== EXTRACTED INFORMATION

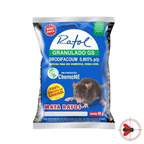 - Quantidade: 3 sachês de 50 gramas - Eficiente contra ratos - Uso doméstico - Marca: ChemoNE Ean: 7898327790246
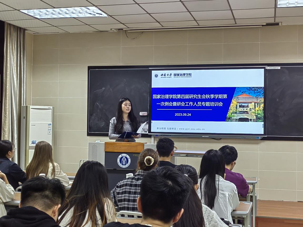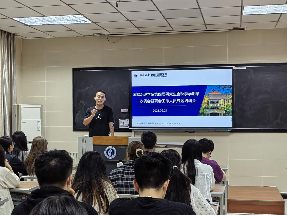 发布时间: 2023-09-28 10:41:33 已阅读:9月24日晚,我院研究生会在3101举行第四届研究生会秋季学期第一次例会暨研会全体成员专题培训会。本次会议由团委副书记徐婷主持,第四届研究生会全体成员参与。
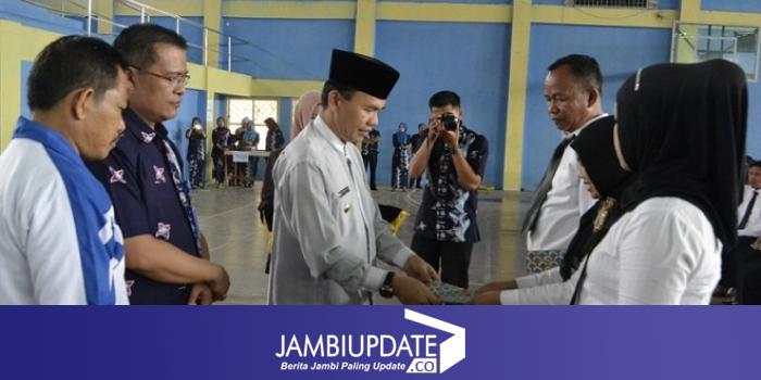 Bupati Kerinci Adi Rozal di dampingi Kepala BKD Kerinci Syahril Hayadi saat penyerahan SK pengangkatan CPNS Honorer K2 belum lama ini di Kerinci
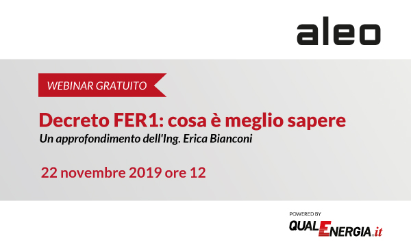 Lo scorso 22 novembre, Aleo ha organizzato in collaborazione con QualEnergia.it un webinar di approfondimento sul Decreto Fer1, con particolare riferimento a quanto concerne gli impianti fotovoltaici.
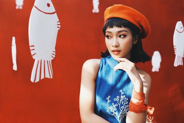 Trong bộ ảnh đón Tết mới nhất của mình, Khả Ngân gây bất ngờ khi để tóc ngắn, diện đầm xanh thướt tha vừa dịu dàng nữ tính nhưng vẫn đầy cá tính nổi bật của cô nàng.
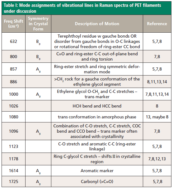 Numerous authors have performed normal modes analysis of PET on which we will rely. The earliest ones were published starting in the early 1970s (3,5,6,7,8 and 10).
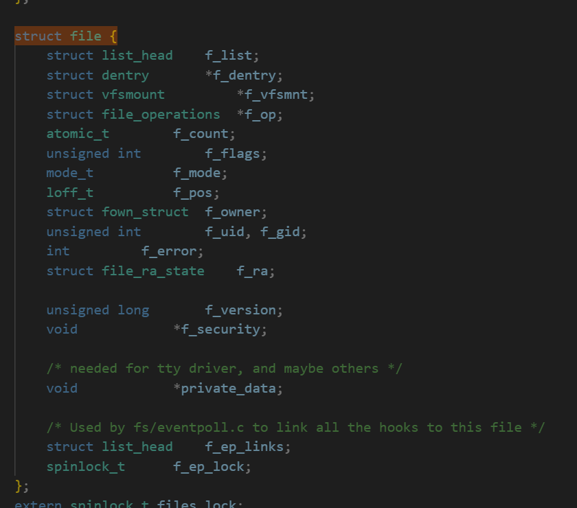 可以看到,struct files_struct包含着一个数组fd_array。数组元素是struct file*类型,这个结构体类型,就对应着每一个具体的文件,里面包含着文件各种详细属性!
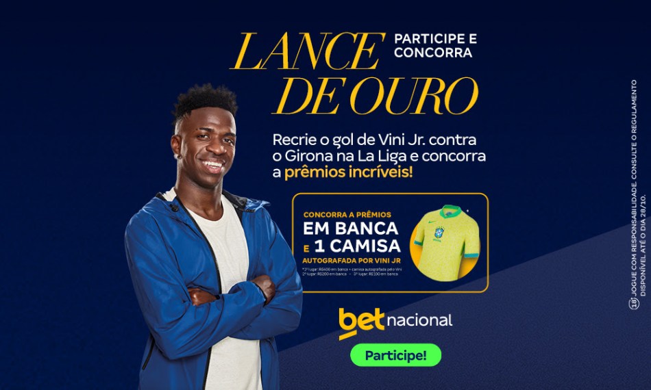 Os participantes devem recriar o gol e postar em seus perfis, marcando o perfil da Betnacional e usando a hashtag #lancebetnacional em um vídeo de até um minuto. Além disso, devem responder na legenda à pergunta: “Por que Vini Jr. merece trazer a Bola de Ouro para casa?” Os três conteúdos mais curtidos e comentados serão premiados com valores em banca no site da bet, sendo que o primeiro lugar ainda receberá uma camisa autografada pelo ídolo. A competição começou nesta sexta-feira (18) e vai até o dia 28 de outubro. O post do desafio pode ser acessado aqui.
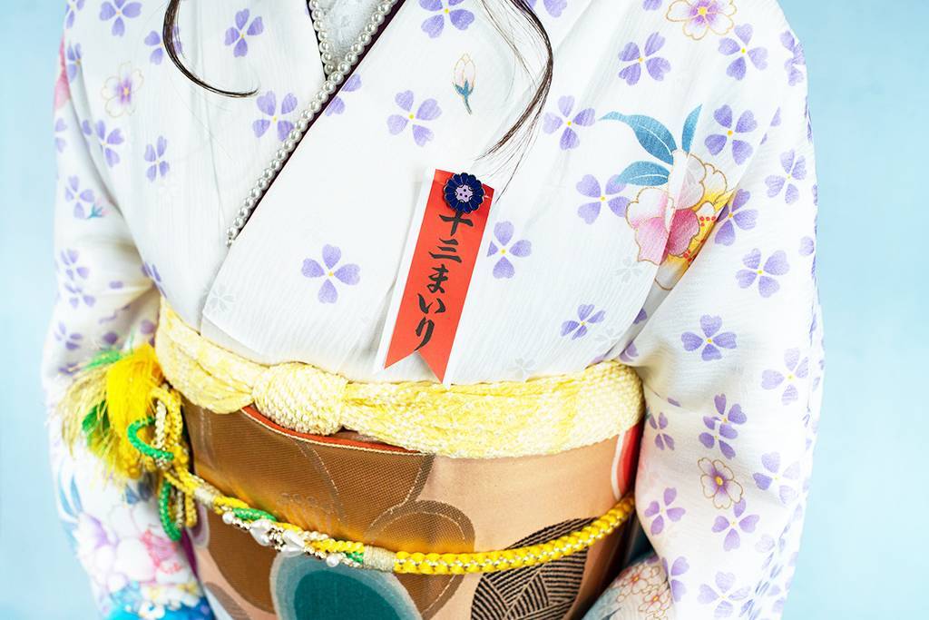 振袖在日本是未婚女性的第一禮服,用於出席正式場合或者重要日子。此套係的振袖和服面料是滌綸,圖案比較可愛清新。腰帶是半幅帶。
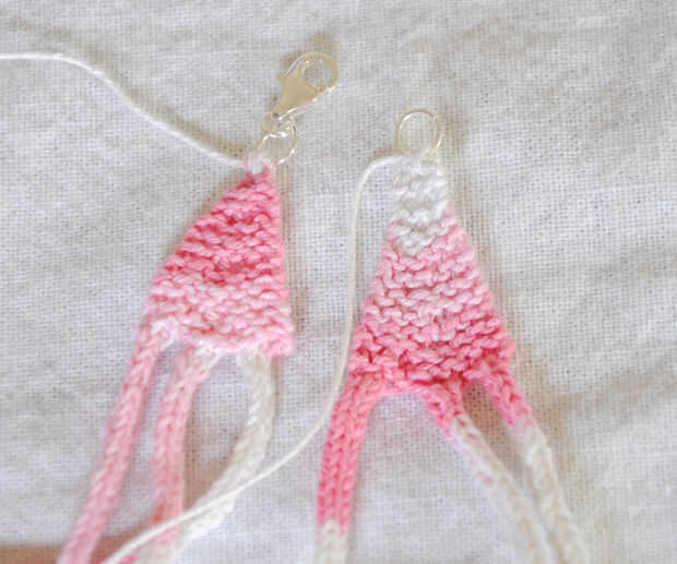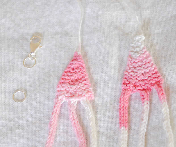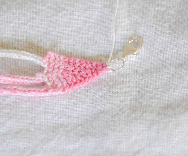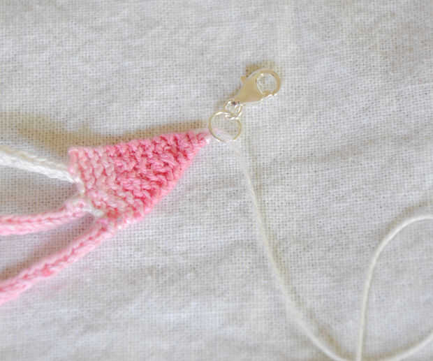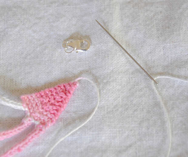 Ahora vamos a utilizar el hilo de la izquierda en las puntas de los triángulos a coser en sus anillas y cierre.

====

EXERCISE DETAILS:
Line by line, reproduce the material above exactly, leaving each picture out.

SOLVED EXERCISE:
 - Quantidade: 3 sachês de 50 gramas - Eficiente contra ratos - Uso doméstico - Marca: ChemoNE Ean: 7898327790246
 发布时间: 2023-09-28 10:41:33 已阅读:9月24日晚,我院研究生会在3101举行第四届研究生会秋季学期第一次例会暨研会全体成员专题培训会。本次会议由团委副书记徐婷主持,第四届研究生会全体成员参与。
 Bupati Kerinci Adi Rozal di dampingi Kepala BKD Kerinci Syahril Hayadi saat penyerahan SK pengangkatan CPNS Honorer K2 belum lama ini di Kerinci
 Lo scorso 22 novembre, Aleo ha organizzato in collaborazione con QualEnergia.it un webinar di approfondimento sul Decreto Fer1, con particolare riferimento a quanto concerne gli impianti fotovoltaici.
 Trong bộ ảnh đón Tết mới nhất của mình, Khả Ngân gây bất ngờ khi để tóc ngắn, diện đầm xanh thướt tha vừa dịu dàng nữ tính nhưng vẫn đầy cá tính nổi bật của cô nàng.
 Numerous authors have performed normal modes analysis of PET on which we will rely. The earliest ones were published starting in the early 1970s (3,5,6,7,8 and 10).
 可以看到,struct files_struct包含着一个数组fd_array。数组元素是struct file*类型,这个结构体类型,就对应着每一个具体的文件,里面包含着文件各种详细属性!
 Os participantes devem recriar o gol e postar em seus perfis, marcando o perfil da Betnacional e usando a hashtag #lancebetnacional em um vídeo de até um minuto. Além disso, devem responder na legenda à pergunta: “Por que Vini Jr. merece trazer a Bola de Ouro para casa?” Os três conteúdos mais curtidos e comentados serão premiados com valores em banca no site da bet, sendo que o primeiro lugar ainda receberá uma camisa autografada pelo ídolo. A competição começou nesta sexta-feira (18) e vai até o dia 28 de outubro. O post do desafio pode ser acessado aqui.
 振袖在日本是未婚女性的第一禮服,用於出席正式場合或者重要日子。此套係的振袖和服面料是滌綸,圖案比較可愛清新。腰帶是半幅帶。
 Ahora vamos a utilizar el hilo de la izquierda en las puntas de los triángulos a coser en sus anillas y cierre.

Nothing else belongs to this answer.